Source information below:

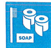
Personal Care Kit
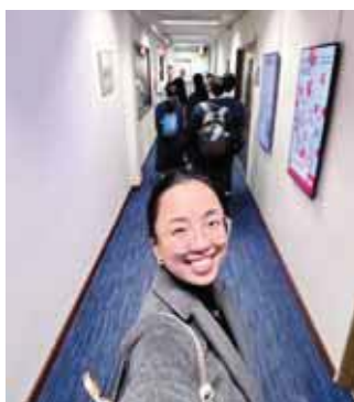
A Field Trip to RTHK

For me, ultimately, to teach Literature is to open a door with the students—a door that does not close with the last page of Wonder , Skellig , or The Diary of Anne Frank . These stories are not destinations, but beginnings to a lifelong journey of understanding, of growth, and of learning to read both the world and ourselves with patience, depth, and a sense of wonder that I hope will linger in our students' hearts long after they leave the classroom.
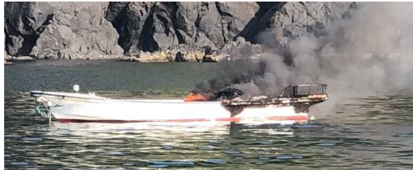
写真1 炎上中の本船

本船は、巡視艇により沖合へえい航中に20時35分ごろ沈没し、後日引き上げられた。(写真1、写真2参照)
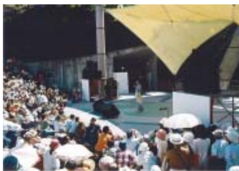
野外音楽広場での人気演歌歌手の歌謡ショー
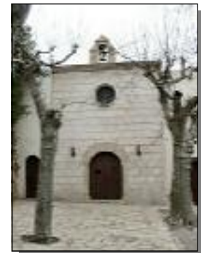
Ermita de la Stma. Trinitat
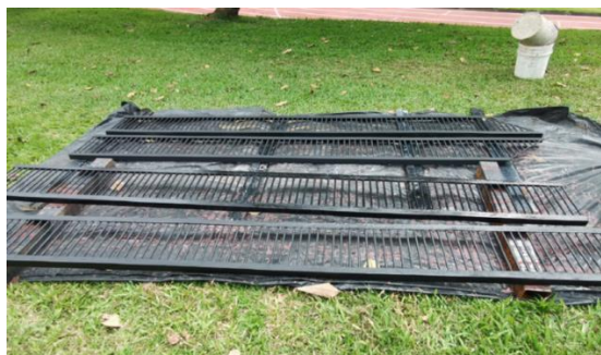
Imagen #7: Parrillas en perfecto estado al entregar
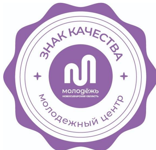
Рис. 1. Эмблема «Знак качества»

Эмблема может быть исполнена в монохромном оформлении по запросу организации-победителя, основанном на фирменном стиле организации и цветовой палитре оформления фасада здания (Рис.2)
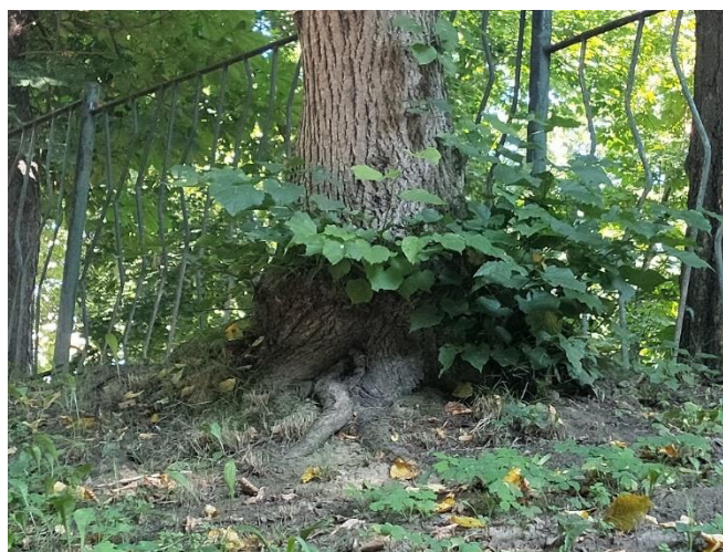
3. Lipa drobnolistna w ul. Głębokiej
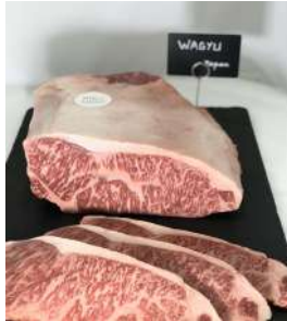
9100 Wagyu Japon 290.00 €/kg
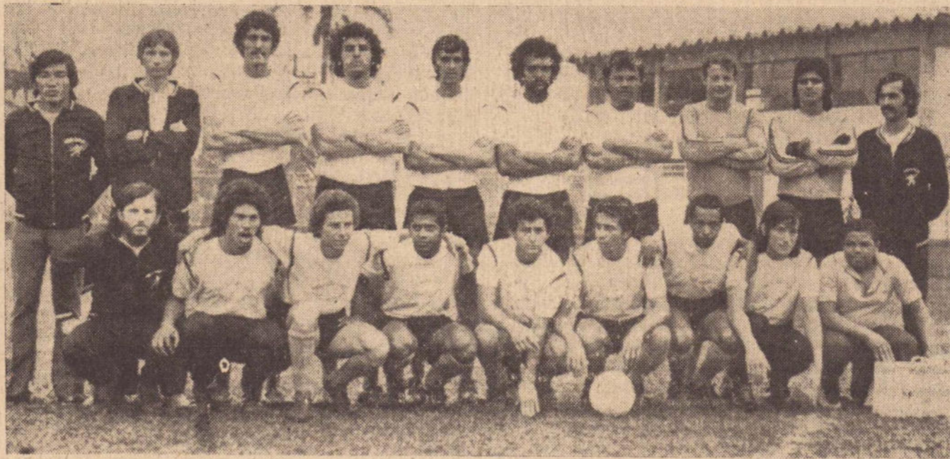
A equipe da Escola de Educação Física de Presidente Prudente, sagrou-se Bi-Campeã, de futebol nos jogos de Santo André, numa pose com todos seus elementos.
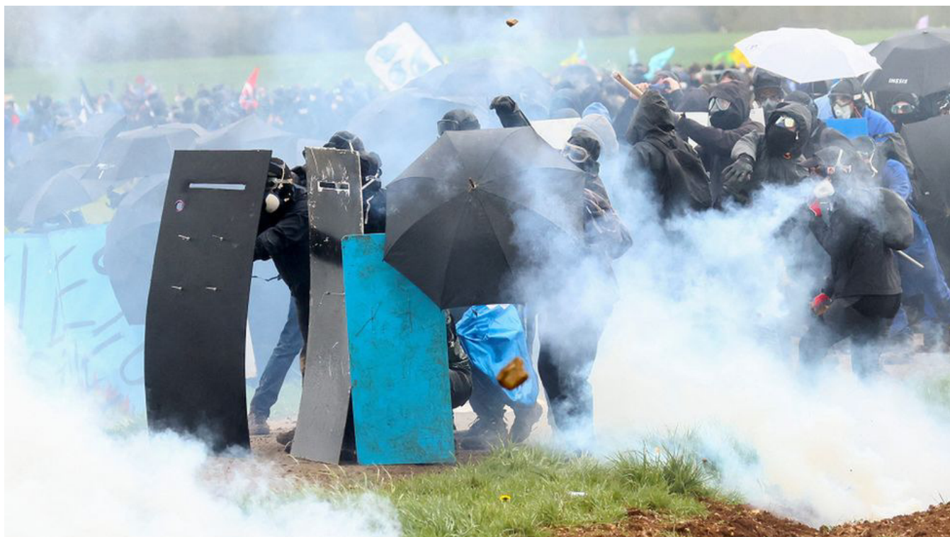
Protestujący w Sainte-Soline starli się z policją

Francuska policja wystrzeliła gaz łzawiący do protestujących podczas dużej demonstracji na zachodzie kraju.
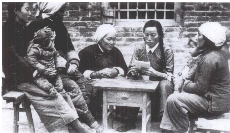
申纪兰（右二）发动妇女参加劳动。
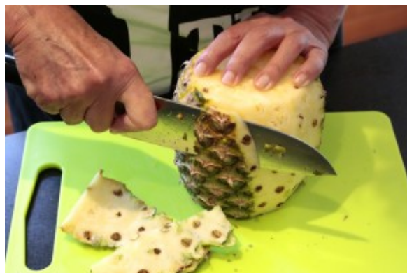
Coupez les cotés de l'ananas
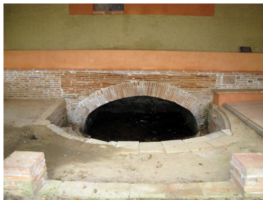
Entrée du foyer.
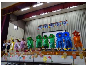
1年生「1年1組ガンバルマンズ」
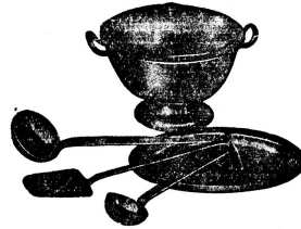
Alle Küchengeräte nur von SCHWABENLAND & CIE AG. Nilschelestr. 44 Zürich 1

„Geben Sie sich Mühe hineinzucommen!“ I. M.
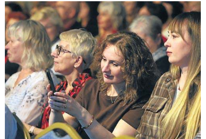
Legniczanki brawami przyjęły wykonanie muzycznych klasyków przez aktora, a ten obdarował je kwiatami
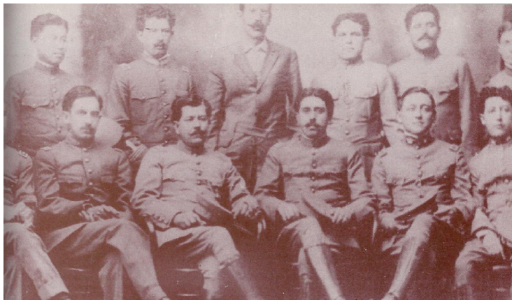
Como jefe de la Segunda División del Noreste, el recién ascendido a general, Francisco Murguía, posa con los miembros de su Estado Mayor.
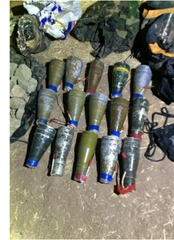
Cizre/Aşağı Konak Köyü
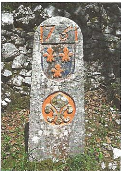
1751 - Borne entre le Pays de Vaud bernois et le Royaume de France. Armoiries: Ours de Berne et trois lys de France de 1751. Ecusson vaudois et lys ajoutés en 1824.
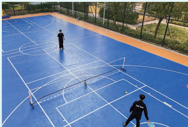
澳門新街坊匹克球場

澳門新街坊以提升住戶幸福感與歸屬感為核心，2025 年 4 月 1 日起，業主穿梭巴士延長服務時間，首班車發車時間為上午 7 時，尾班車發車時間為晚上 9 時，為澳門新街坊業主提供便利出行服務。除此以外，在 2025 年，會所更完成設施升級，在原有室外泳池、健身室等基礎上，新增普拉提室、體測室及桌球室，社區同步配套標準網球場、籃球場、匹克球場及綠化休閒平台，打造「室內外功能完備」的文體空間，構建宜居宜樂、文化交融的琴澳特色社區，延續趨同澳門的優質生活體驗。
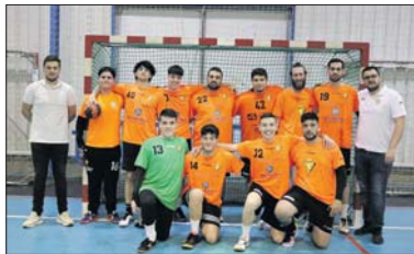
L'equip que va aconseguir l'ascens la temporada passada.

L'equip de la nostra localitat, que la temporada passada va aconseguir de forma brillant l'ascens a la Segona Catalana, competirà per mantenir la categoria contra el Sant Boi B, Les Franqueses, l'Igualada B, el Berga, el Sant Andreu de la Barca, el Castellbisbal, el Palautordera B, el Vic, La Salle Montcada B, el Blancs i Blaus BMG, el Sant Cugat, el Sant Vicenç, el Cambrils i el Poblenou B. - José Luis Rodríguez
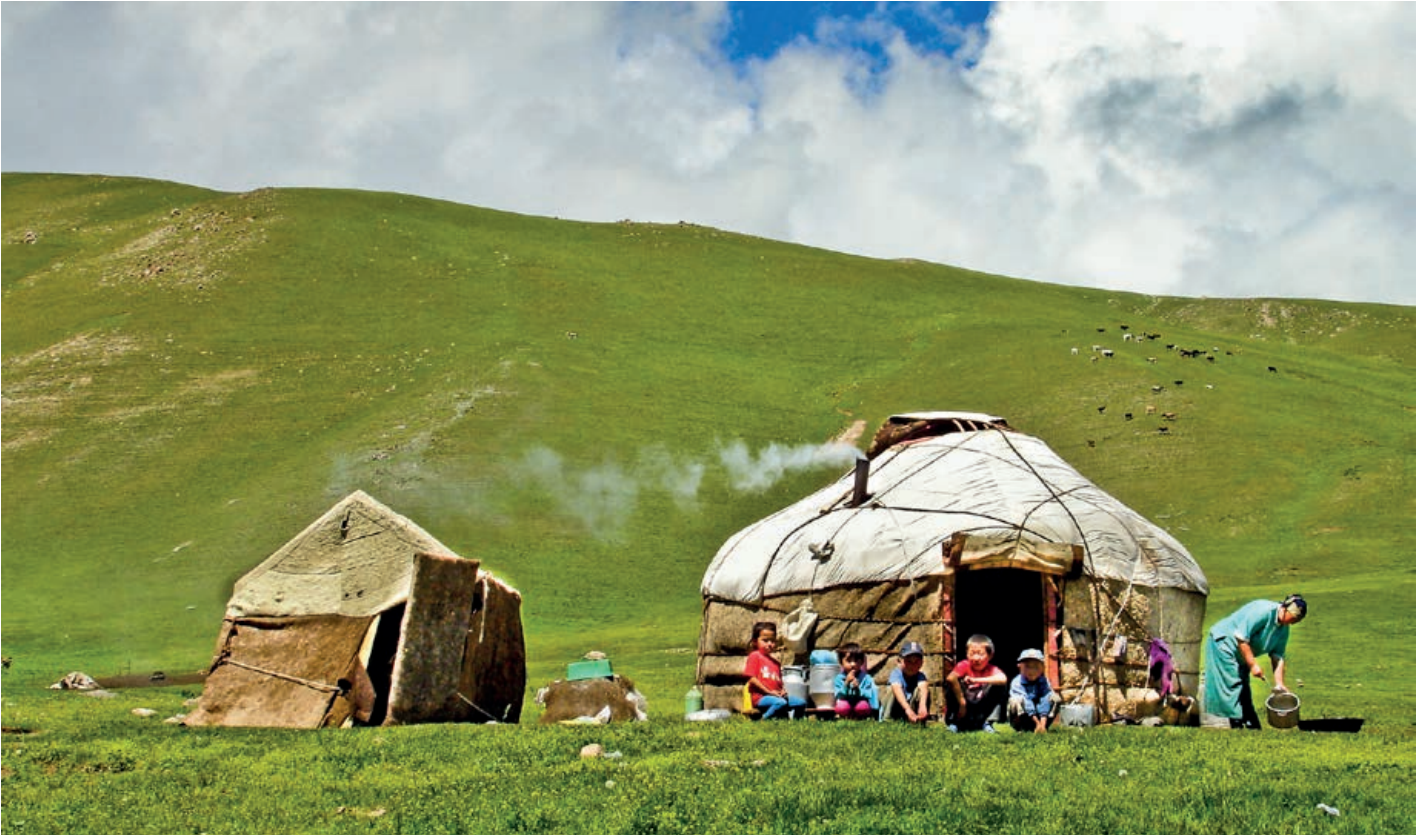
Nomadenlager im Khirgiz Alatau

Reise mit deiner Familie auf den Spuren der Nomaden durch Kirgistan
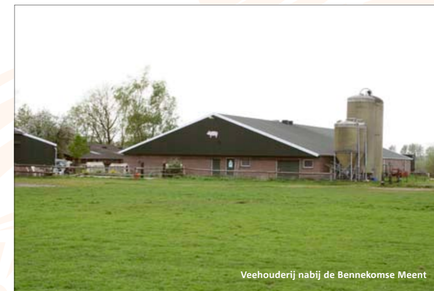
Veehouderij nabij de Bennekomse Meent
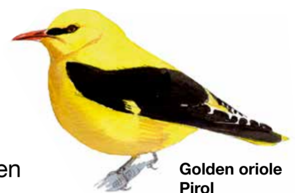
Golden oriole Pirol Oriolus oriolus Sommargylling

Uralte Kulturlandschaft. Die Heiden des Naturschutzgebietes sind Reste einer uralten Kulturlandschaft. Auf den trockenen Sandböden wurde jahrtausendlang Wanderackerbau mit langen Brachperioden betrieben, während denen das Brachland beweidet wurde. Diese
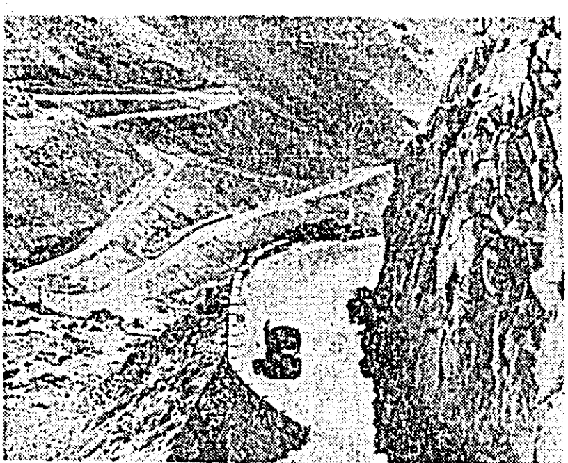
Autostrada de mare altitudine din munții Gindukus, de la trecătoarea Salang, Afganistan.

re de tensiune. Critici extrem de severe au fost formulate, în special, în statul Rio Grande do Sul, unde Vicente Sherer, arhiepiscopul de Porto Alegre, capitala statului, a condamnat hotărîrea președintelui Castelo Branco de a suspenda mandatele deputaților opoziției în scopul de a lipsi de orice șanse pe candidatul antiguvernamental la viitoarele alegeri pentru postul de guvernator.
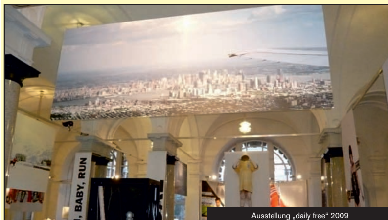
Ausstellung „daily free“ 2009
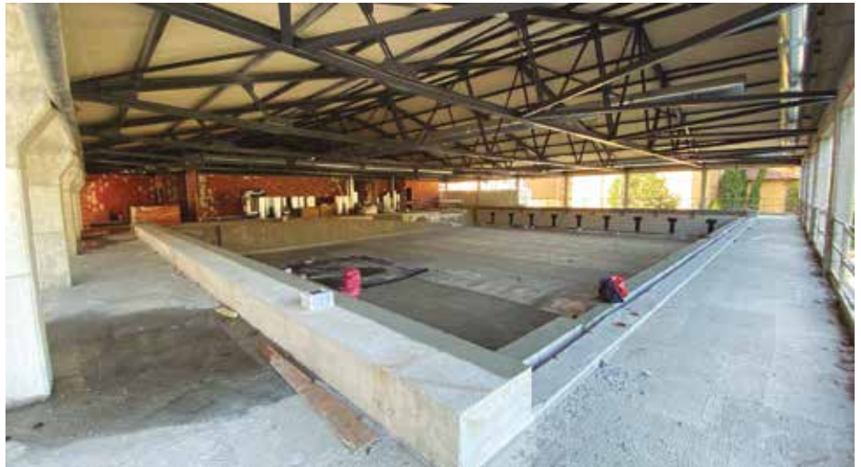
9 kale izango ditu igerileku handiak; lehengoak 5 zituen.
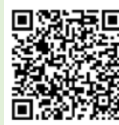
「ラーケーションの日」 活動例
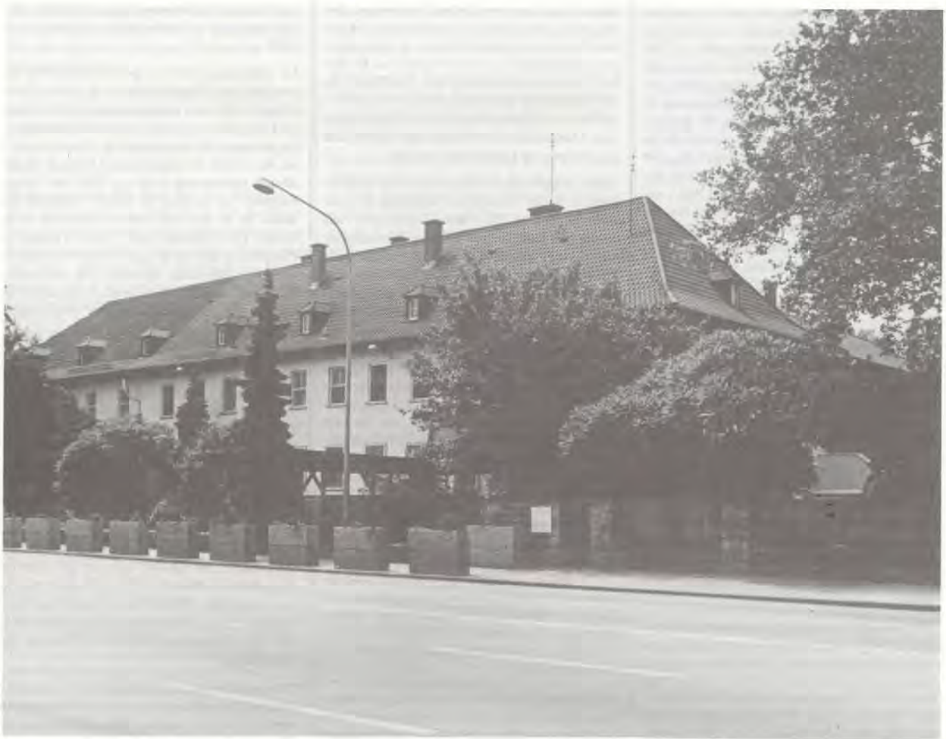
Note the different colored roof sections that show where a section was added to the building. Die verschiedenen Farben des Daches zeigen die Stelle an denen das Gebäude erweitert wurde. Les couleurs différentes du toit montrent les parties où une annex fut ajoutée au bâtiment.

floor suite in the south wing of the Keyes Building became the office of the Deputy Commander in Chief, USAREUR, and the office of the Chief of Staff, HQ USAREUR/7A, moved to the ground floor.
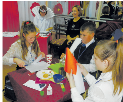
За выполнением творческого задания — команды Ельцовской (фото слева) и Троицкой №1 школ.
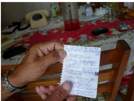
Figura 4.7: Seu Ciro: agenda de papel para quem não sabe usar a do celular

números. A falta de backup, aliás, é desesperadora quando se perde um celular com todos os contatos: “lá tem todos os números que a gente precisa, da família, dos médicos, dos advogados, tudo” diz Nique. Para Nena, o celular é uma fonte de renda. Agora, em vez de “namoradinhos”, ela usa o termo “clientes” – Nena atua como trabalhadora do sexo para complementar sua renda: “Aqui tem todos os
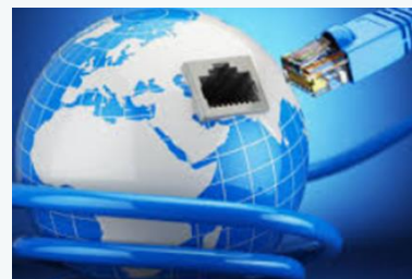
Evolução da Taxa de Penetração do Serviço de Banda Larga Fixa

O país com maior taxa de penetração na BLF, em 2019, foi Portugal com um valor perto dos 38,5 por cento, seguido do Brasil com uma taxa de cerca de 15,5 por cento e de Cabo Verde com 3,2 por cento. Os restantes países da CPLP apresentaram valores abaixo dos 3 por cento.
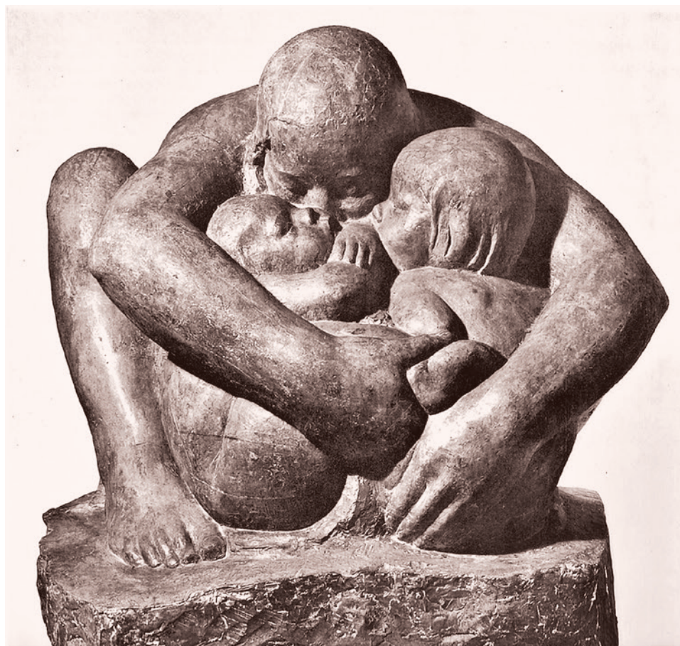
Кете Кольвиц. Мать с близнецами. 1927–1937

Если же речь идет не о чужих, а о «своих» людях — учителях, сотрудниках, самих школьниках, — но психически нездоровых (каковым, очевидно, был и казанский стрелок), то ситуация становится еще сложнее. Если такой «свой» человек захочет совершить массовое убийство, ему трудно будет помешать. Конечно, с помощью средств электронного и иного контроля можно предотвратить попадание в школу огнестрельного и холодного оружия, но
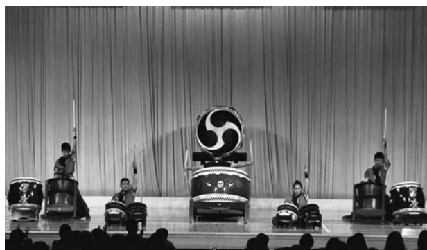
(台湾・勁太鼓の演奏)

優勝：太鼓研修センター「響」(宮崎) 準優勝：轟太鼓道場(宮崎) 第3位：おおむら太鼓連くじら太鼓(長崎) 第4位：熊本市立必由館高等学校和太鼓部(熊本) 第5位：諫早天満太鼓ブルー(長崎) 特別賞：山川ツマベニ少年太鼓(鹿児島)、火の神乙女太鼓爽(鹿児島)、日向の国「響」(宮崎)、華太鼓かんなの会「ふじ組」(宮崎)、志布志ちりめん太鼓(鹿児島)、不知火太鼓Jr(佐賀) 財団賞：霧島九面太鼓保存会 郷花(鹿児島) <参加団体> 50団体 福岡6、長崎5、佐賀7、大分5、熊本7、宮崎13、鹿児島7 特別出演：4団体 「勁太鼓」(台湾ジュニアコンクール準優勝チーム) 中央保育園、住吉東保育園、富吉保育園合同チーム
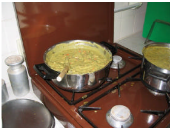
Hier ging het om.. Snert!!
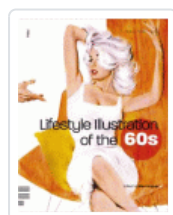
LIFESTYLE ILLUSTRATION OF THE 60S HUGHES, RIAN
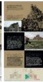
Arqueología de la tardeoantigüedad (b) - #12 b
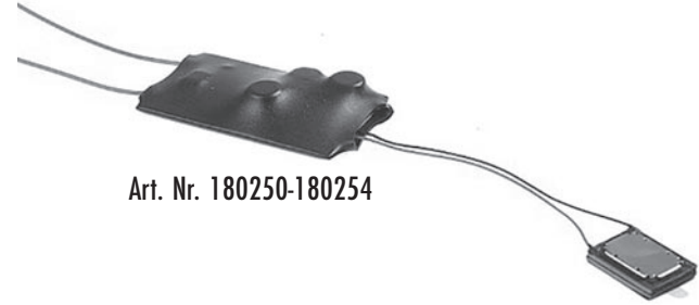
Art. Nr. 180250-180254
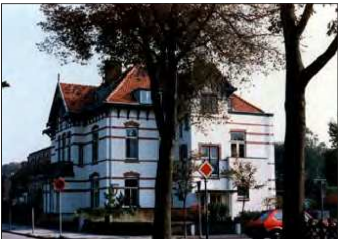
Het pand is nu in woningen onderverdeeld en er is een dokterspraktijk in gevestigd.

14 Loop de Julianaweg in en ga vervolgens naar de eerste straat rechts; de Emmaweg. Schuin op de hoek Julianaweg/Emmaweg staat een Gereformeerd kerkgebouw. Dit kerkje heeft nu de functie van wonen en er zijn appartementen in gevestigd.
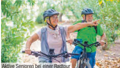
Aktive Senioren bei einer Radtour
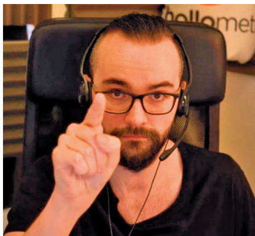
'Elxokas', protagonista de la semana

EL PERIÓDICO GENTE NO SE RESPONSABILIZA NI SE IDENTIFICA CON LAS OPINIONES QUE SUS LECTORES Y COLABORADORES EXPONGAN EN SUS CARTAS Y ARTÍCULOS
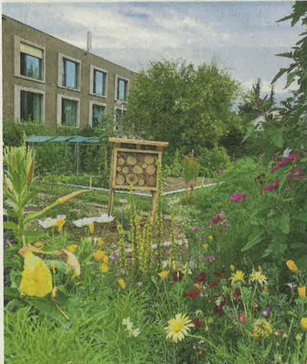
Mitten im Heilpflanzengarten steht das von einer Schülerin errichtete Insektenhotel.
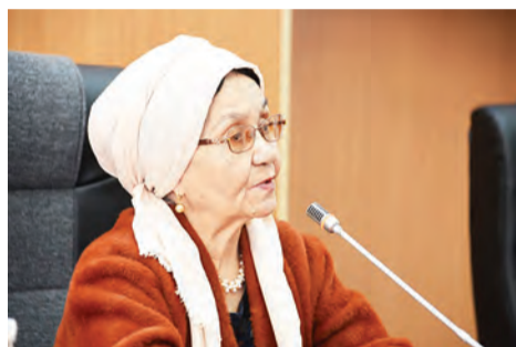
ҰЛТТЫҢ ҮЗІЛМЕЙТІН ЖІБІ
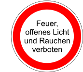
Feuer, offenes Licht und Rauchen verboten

End of Source information.

== Task requirements ==
Return the lines above from the one with "Ermita de la Stma. Trinitat" through the one with "9100 Wagyu Japon 290.00 €/kg", verbatim and nothing else. Omit every picture.

== Result of this exercise ==
Ermita de la Stma. Trinitat
Imagen #7: Parrillas en perfecto estado al entregar
Рис. 1. Эмблема «Знак качества»

Эмблема может быть исполнена в монохромном оформлении по запросу организации-победителя, основанном на фирменном стиле организации и цветовой палитре оформления фасада здания (Рис.2)
3. Lipa drobnolistna w ul. Głębokiej
9100 Wagyu Japon 290.00 €/kg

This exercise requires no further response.